"""
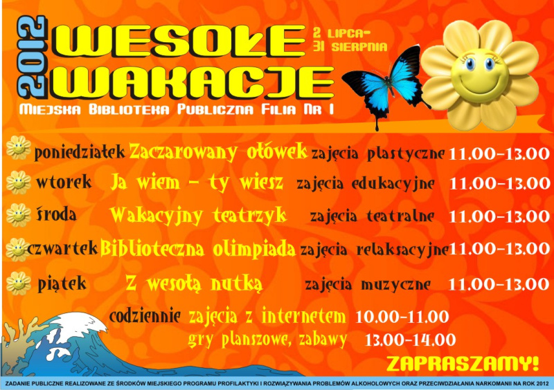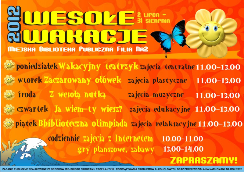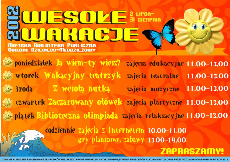 Miejska Biblioteka Publiczna w Kraśniku na wakacje dla dzieci przygotowała wiele atrakcji dzięki pozyskaniu środków z Miejskiego Programu Rozwiązywania Problemów Alkoholowych i Przeciwdziałaniu Narkomanii. Celem programu wakacyjnego w MBP to realizacja projektów służących zdrowemu stylowi życia, przeciwdziałanie uzależnieniom i patologiom społecznym tj. alkoholizmowi, narkomanii itp., oraz biernym formom spędzania czasu wolego.Celem programu wakacyjnego jest propagowanie zdrowego stylu życia, kształtowanie postaw abstynenckich i przeciwdziałanie narkomanii wśród dzieci i młodzieży. Bibliotece rozpocznie się 2 lipca godz. 16.00 piknikiem rodzinnym Lato, lato, lato czeka...... w ogrodzie MBP ul. Koszarowa 10A.
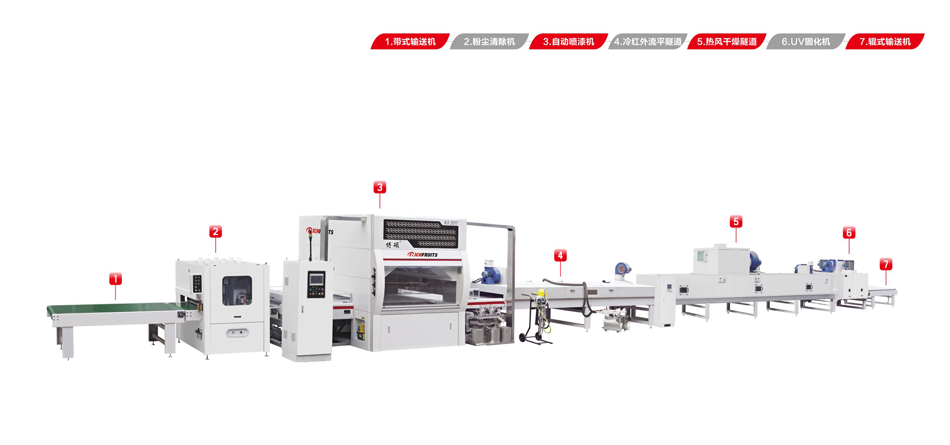 適用于板式家具、實(shí)木門(mén)、櫥柜門(mén)、工藝品、裝飾板、硅酸鈣板、玻鎂板、水泥纖維板的板式加工件的平面和四個(gè)側(cè)邊進(jìn)行高質(zhì)量、大批量連續(xù)噴漆。
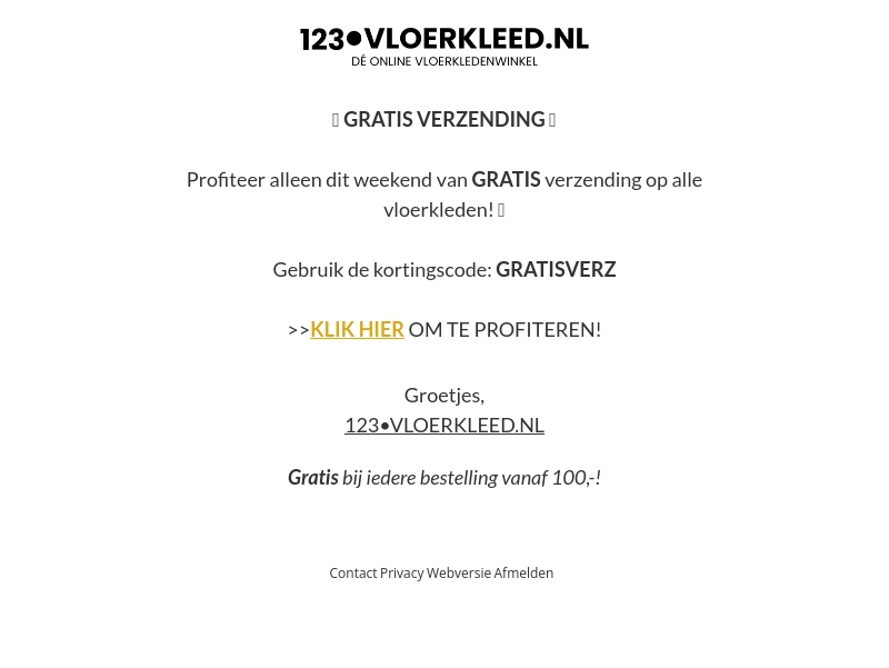 Bij 123VLOERKLEED.NL profiteer je dit weekend van gratis verzending op alle vloerkleden! Gebruik de kortingscode GRATISVERZ en klik hier om te profiteren. Gratis verzending bij iedere bestelling vanaf 100,-.
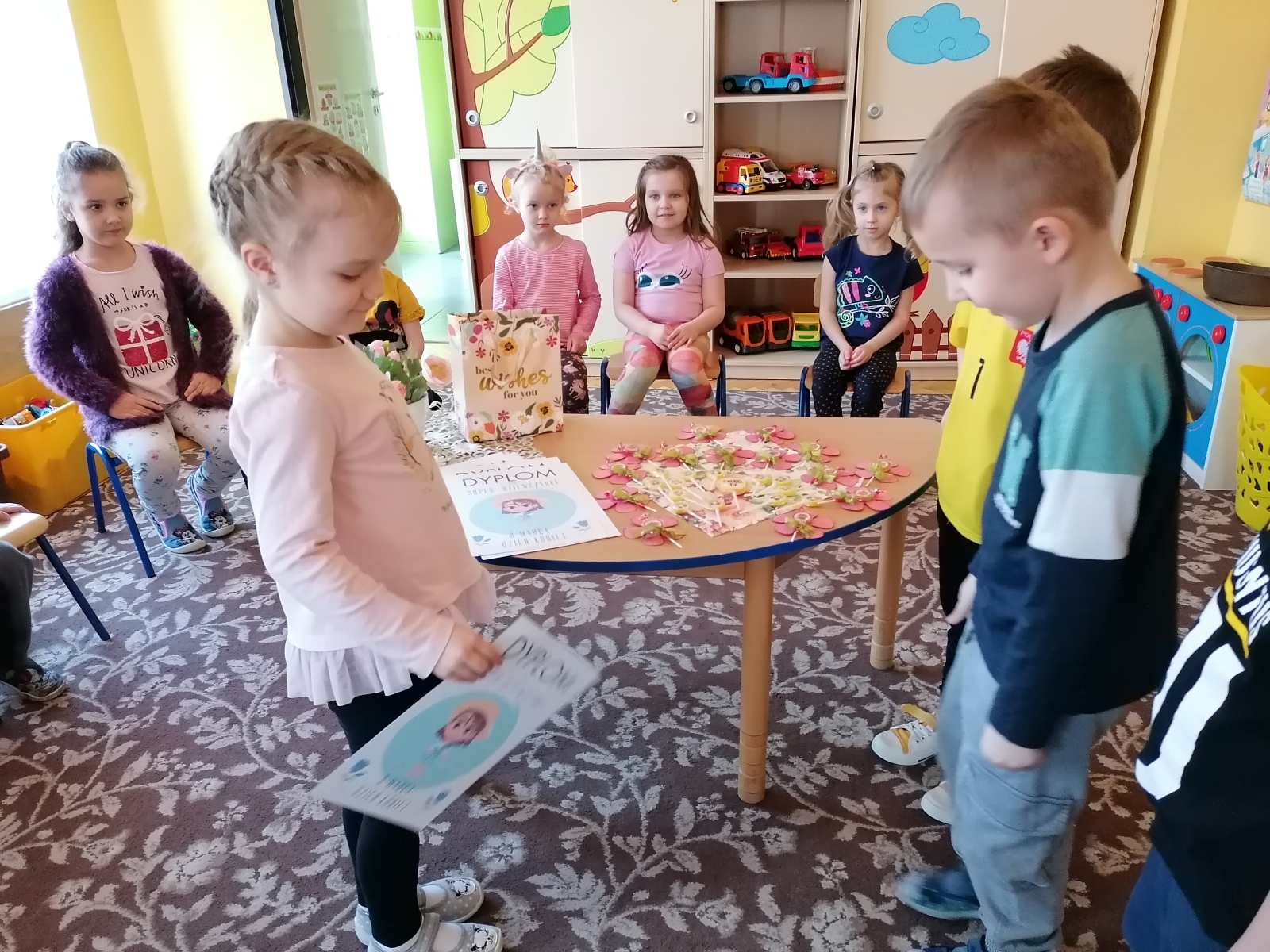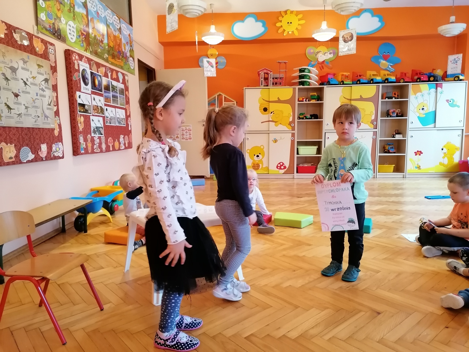 Tym razem w pełnym reżimie sanitarnym – dzieci z poszczególnych grup bawiły się oddzielnie. Podczas uroczystości został rozstrzygnięty rodzinny konkurs plastyczny nt. „Kartka urodzinowa dla Kubusia Puchatka”. Dzieciom, które wzięły w nim udział wręczono dyplomy i nagrody. To był naprawdę wyjątkowy dzień!
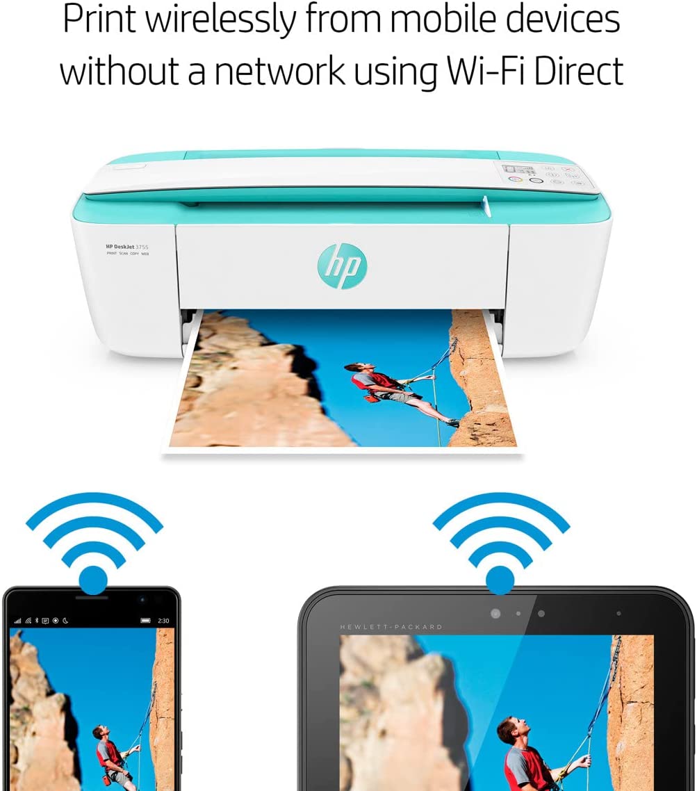 Save space and get the power you need with a small all-in-one printer for your home. The HP DeskJet 3755 (3700 series) inkjet printer comes with the scroll scan feature helps you easily handle most scan jobs, from plain paper to stiff media. This ultra compact printer is designed to fit where you need it. Save up to 50% on ink and never run out with HP Instant Ink. With Instant Ink, you print color or black-and-white for the same low price. Wirelessly print, scan, and copy what you need quickly and easily. Easily print anything you need from a variety of smartphones and tablets. Get connected quickly and start printing fast with easy setup from your smartphone or tablet.
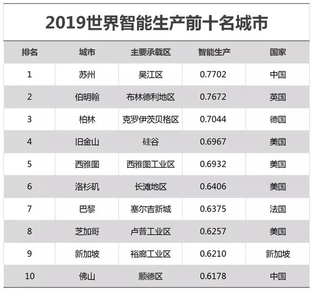 在近日发布的《世界智能制造中心发展趋势报告(2019)》中,苏州位列全球智能制造中心城市的第九名,仅位于国际化大都市纽约、上海、旧金山、伦敦、深圳、洛杉矶、东京的后面。
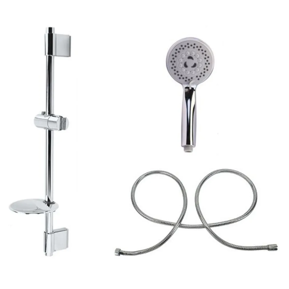 - Cosa include il set? Asta doccia, doccetta, tubo flessibile e portasapone.
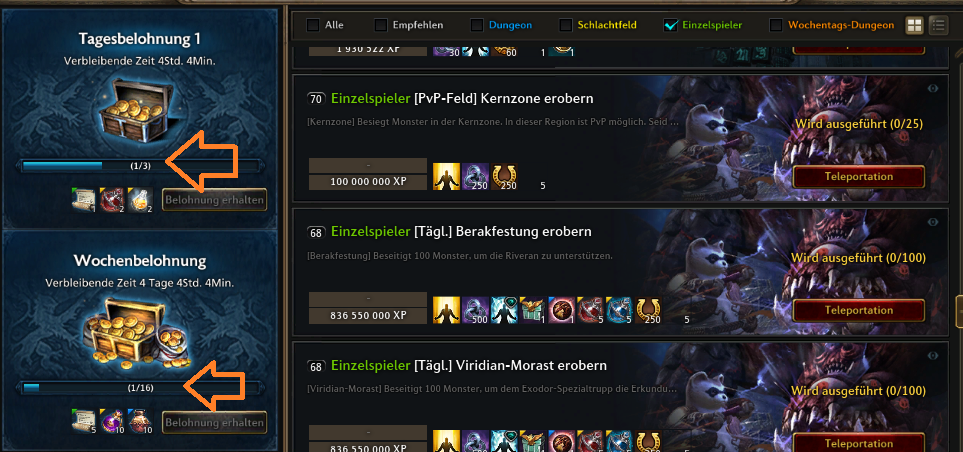 Da steht unter Tagesbelohnung 1 verbleibende Zeit 18 Stunden 19 Minuten
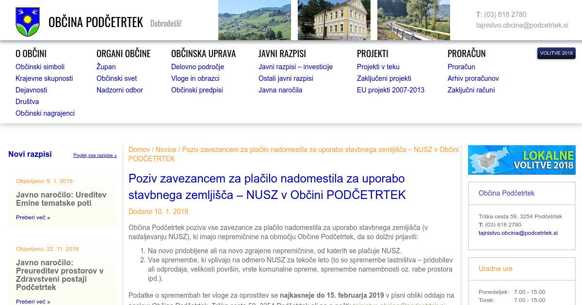 Občina Podčetrtek poziva vse zavezance za plačilo nadomestila za uporabo stavbnega zemljišča (v nadaljevanju NUSZ), ki imajo nepremičnine na območju Občine Podčetrtek, da so dolžni prijaviti: Na novo pridobljene ali na novo zgrajene nepremičnine, od katerih se plačuje NUSZ. Vse spremembe, ki vplivajo na odmero NUSZ za tekoče leto (to so spremembe lastništva – pridobitev
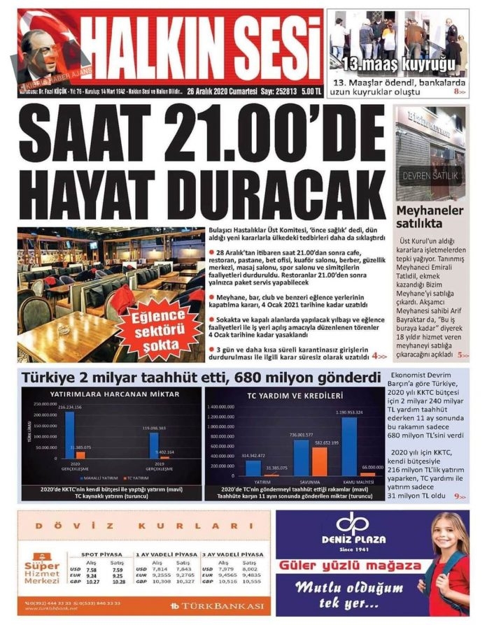 KKTC'de Gazeteler Bugün Ne Manşet Attı? ( 26 Aralık 2020 Cumartesi )
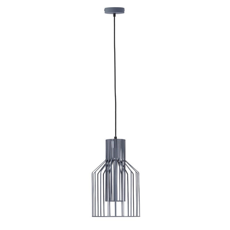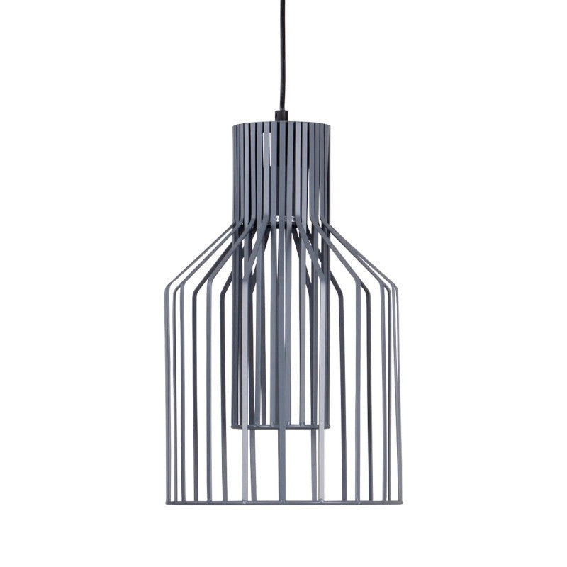 The center of the lamp is made up of two bodies. The first one surrounds the bulb with tightly fitting dark gray metal strips. This will make the light focus on the ground thanks to its tube shape.
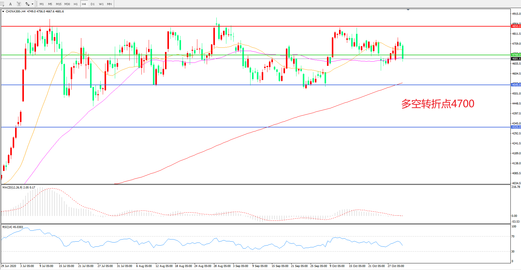 多空转折点:4700.00
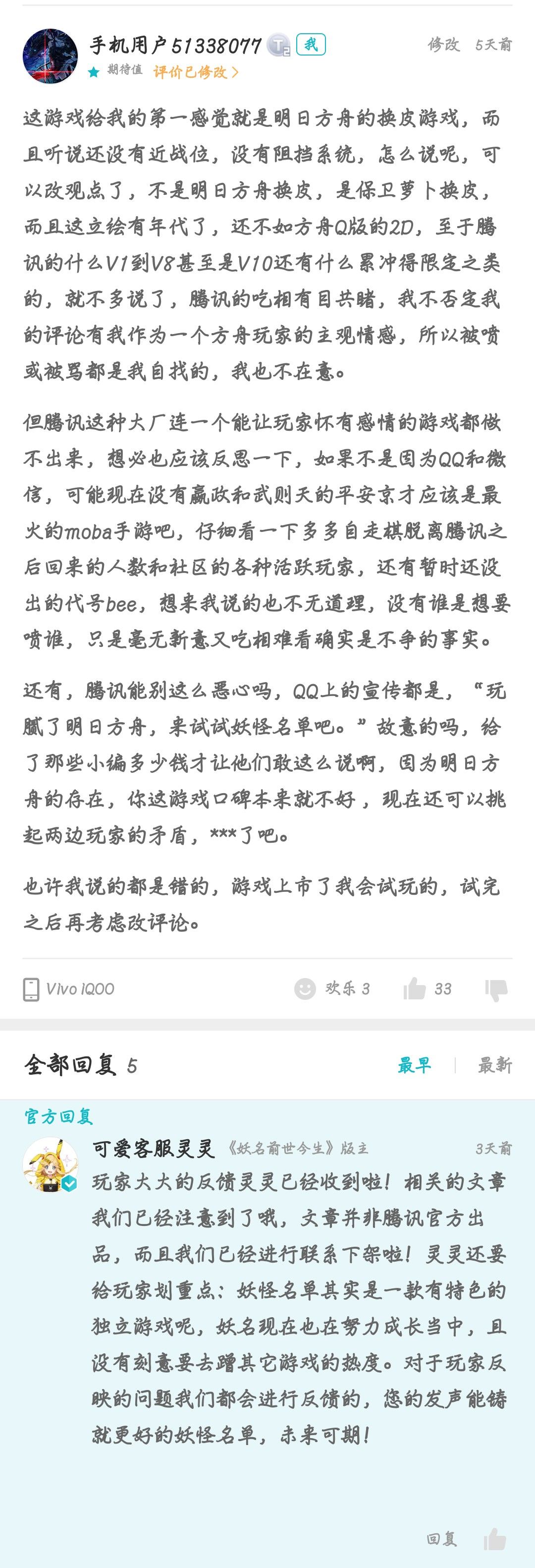 我曾经抱着很客观的态度看待这款游戏,有认真评价,一点点的分析,也很明确的指出过一些东西,客服回复了会处理好,
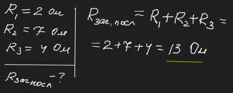 визначтезагальний опір якщо три резистори зеднпли послідовно опори резисторів дорівнюють 2 ом,7 Ом та 4 ом
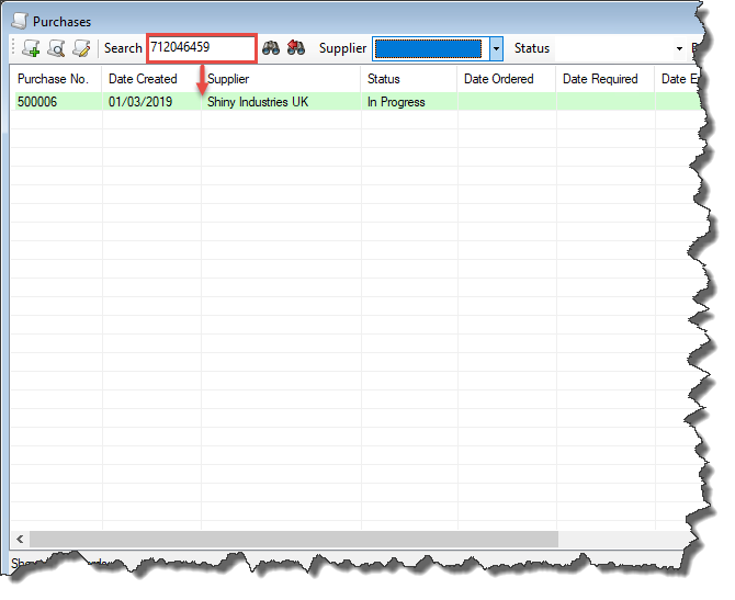 If you later wish to find the purchase that an item was bought in on, for example in the case of an item being returned for warranty replacement, simply search for the serial number from the main purchases window and you will be shown a list of purchases that contain that serial number.
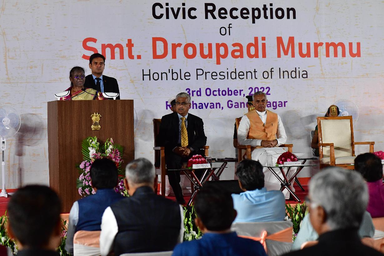 The President of India, Smt. Droupadi Murmu attended a civic reception hosted by the Government of Gujarat in her honour, in Gandhinagar on October 03, 2022.
"""
▸ **What the exercise asks**
Which lines run from the one holding "我曾经抱着很客观的态度看待这" through the end of the records? Reproduce them word for word, both ends included, with no pictures.

▸ **Final answer**
 我曾经抱着很客观的态度看待这款游戏,有认真评价,一点点的分析,也很明确的指出过一些东西,客服回复了会处理好,
 визначтезагальний опір якщо три резистори зеднпли послідовно опори резисторів дорівнюють 2 ом,7 Ом та 4 ом
 If you later wish to find the purchase that an item was bought in on, for example in the case of an item being returned for warranty replacement, simply search for the serial number from the main purchases window and you will be shown a list of purchases that contain that serial number.
 The President of India, Smt. Droupadi Murmu attended a civic reception hosted by the Government of Gujarat in her honour, in Gandhinagar on October 03, 2022.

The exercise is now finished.